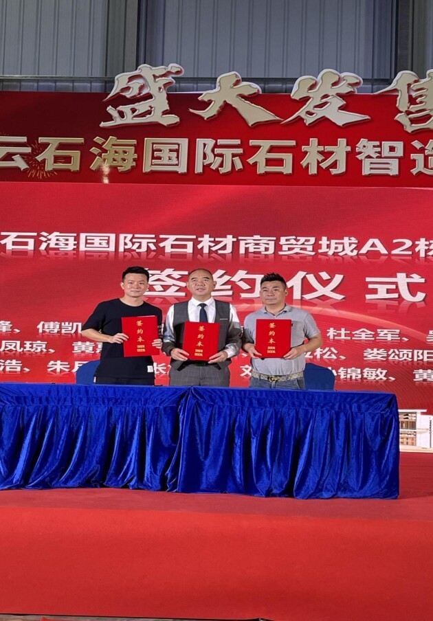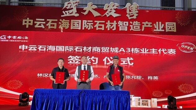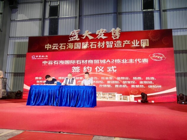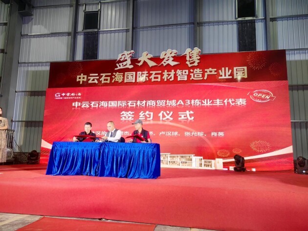 中云石海副董事长冯文钦,现场与A2幢商铺业主代表签约。
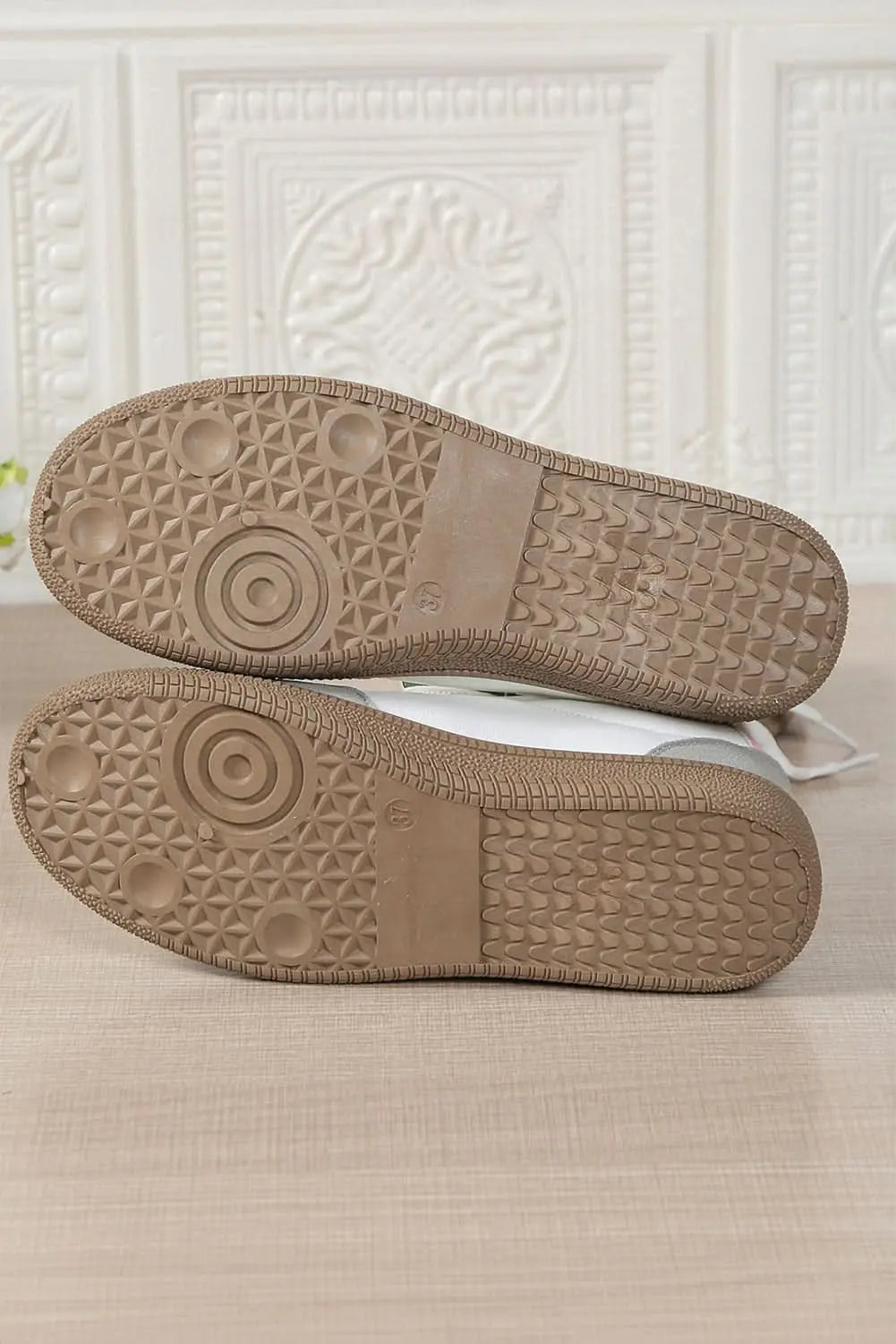 Crafted from high-quality PU leather, these sneakers are built for durability and easy maintenance. The lace-up closure provides a secure, adjustable fit for all-day comfort, while the pink stripes add a playful, fashion-forward flair.
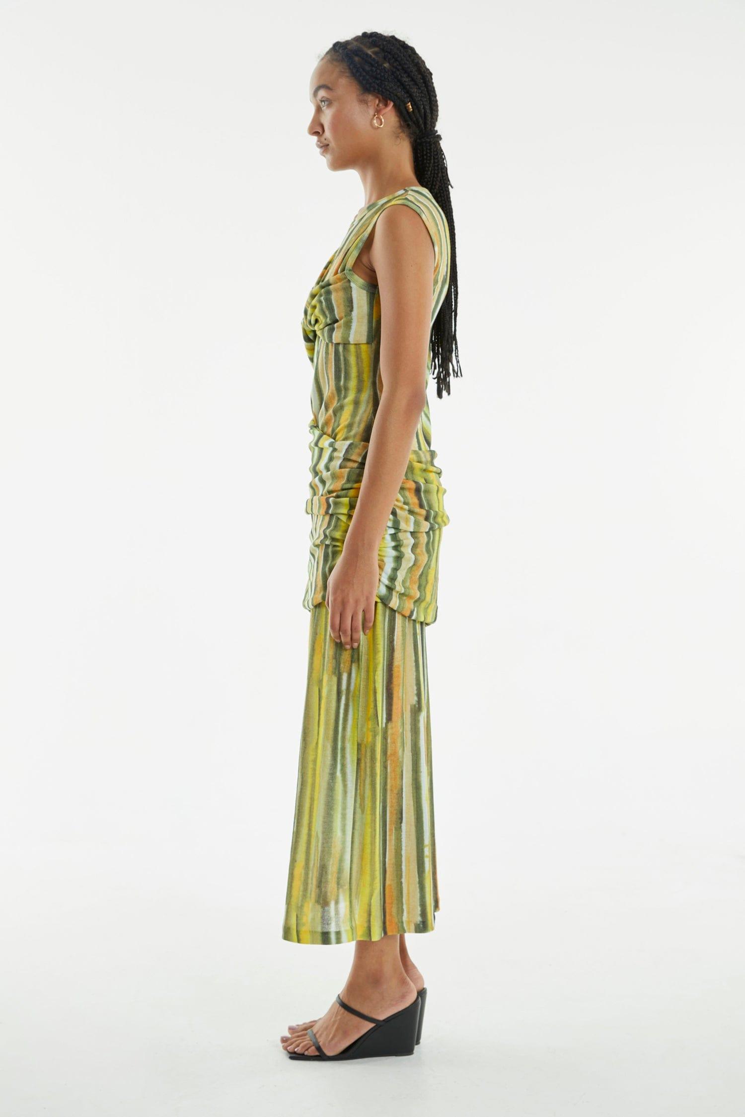 The Wind Through Tank Dress, adorned with the exclusive Brush Stroke print by Third Form, has reimagined the classic tank style with a modern twist. Meticulously crafted from lightweight Rayon fabric, this dress showcases an enchanting silhouette and incorporates self-fabric ruched layering over the bust and waistline, providing both style and coverage. With its semi-sheer finish and breezy feel, this dress becomes the quintessential summer staple for your wardrobe.

= = = =

*How to complete this task:* Go through the listing above and retype each line exactly, apart from the pictures.

*The answer:*
 中云石海副董事长冯文钦,现场与A2幢商铺业主代表签约。
 Crafted from high-quality PU leather, these sneakers are built for durability and easy maintenance. The lace-up closure provides a secure, adjustable fit for all-day comfort, while the pink stripes add a playful, fashion-forward flair.
 The Wind Through Tank Dress, adorned with the exclusive Brush Stroke print by Third Form, has reimagined the classic tank style with a modern twist. Meticulously crafted from lightweight Rayon fabric, this dress showcases an enchanting silhouette and incorporates self-fabric ruched layering over the bust and waistline, providing both style and coverage. With its semi-sheer finish and breezy feel, this dress becomes the quintessential summer staple for your wardrobe.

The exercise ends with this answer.